Как помнится, день был воскресный, или чей-то день рождения, и в нашем отряде была закуплена на пасеке бражка-медовуха. Очень сладкая и очень, как оказалось, крепкая. С горя (жалко было лошадь и стыдно за свою ошибку) я увлёкся бражкой и хватил лишку. Потом целый день и ночь спал, а проснулся со страшной головной болью. Казалось, не выживу и отброшу копыта, как и моя бедная лошадь. Однако выжил, но с тех пор к медовухе на пасеках стал относиться с большой опаской.

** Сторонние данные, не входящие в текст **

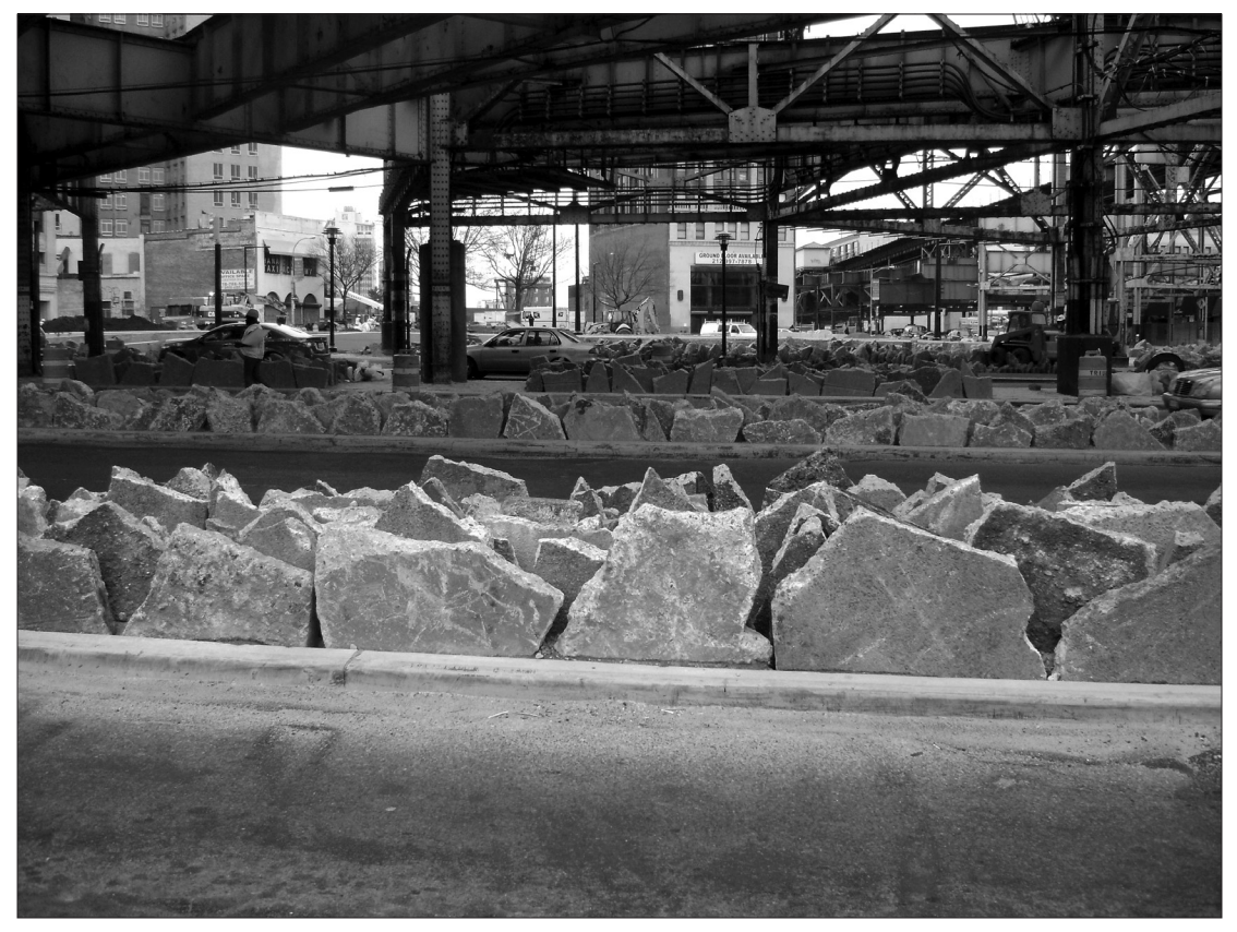
Fig. 12 The functional reuse of waste concrete captures and creates value, while also animating the narrative by exposing marks from previous use and demolition.

indices point to a function, cause, or use that is no longer in existence, the user must use imagination to complete the imbalanced situation with an invented narrative. Imaginative completion by the user is a key to the engaged and unfinished landscape, as the broken narrative requires the participant to become an author or interlocutor. Geographer David Harvey comments on the potential of this kind of individual, localized meaning within the larger social structure:

Это была третья по счету лошадь, загубленная в тот сезон в нашем отряде. Одна из лошадей сломала ногу в сурковой норе, вторую парни каким-то образом утопили при переправе через Бухтарму. Дважды мы обращались к местному ветеринару, чтобы он нас выручил. Он давал справку, что лошади были безнадежно больны и должны были вскоре подохнуть сами. Поэтому расходы на их приобретение бухгалтерией списывались. С третьей лошадью идти к ветврачу было неудобно, стыдно, и я решил выручить деньги продажей мяса. Торговля шла бойко. Местные жители-казахи покупали охотно, потому что лошадь была молодая и довольно упитанная. Да и приезжие геологи не брезговали; кто долго работал в Казахстане, тот к конскому мясу был приучен.

За мясо я выручил около семисот рублей, почти столько же, сколько заплатили в колхозе за эту лошадь. Убытков отряд не понёс.

А лошадь мне жалко до сих пор. Ну что было не подождать, пока просохнет тропа! Нет мне оправдания!